A need has arisen to propose a novel scheme capable of improving settling time of a buffer amplifier adaptable to the LCD.

SUMMARY OF THE INVENTION

In view of the foregoing, it is an object of the embodiment of the present invention to provide a high-speed buffer amplifier with improved settling time.

According to one embodiment, a high-speed buffer amplifier includes an input stage, a middle stage and an output stage. The input stage includes a first channel coupled to receive differential inputs and a second channel coupled to receive the differential inputs. The middle stage includes a first current source coupled to receive outputs of the second channel and electrically connected to power, a second current source coupled to receive outputs of the first channel and electrically connected to ground, and a floating current source electrically connected between the first current source and the second current source. The output stage is coupled to the middle stage to generate an output voltage. The middle stage includes a shunt circuit electrically connected between the first current source and the second current source, and configured to bypass the floating current source.

BRIEF DESCRIPTION OF THE DRAWINGS

FIG. 1 shows a block diagram illustrating a high-speed buffer amplifier according to one embodiment of the present invention; and

FIG. 2 shows a circuit diagram illustrating the high-speed buffer amplifier of FIG. 1 according to the embodiment of the present invention.

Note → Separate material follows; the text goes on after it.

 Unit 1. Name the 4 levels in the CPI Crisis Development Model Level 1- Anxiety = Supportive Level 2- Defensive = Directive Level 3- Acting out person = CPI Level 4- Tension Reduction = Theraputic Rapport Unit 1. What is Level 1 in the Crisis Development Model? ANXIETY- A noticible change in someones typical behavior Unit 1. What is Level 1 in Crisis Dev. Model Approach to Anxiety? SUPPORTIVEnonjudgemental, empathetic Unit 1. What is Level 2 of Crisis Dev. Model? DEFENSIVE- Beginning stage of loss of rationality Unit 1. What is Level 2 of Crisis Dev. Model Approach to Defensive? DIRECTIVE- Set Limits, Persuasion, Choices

DETAILED DESCRIPTION OF THE INVENTION

FIG. 1 shows a block diagram illustrating a high-speed buffer amplifier 100 according to one embodiment of the present invention, and FIG. 2 shows a circuit diagram illustrating the high-speed buffer amplifier 100 of FIG. 1 according to the embodiment of the present invention.

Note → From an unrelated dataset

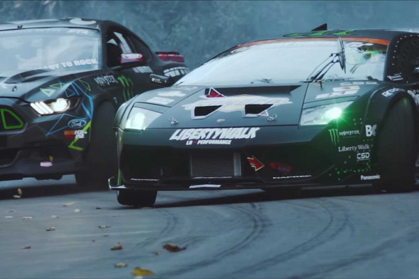 We're sure you have important things to do right now, but please stick around and you'll thank us later. You will see an amazing drifting race between a Lambo Murcielago and Ford Mustang

In the embodiment, the high-speed buffer amplifier (“amplifier” hereinafter) 100 may include an input stage 11, a middle stage 12 and an output stage 13.

The input stage 11 of the embodiment may include a first channel 111 coupled to receive differential inputs Vip and Vin, and composed of first-type transistors (e.g., P-type metal-oxide-semiconductor (PMOS) transistors) M1-M4. Specifically, the transistors M1-M2 are connected in series (with the transistor M1 coupled to power VDD) to form a first bias branch with bias voltages Vb3-Vb4, and the transistors M3-M4 are connected in parallel with sources connected together to form a first source-coupled differential pair, which is connected to (the transistor M2 of) the first bias branch.

The input stage 11 of the embodiment may include a second channel 112 coupled to receive the differential inputs Vip and Vin, and composed of second-type transistors (e.g., N-type MOS transistors or NMOS transistors) M5-M8. Specifically, the transistors M5-M6 are connected in series (with the transistor M5 coupled to ground) to form a second bias branch with bias voltages Vb5-Vb6, and the transistors M7-M8 are connected in parallel with sources connected together to form a second source-coupled differential pair, which is connected to (the transistor M6 of) the second bias branch.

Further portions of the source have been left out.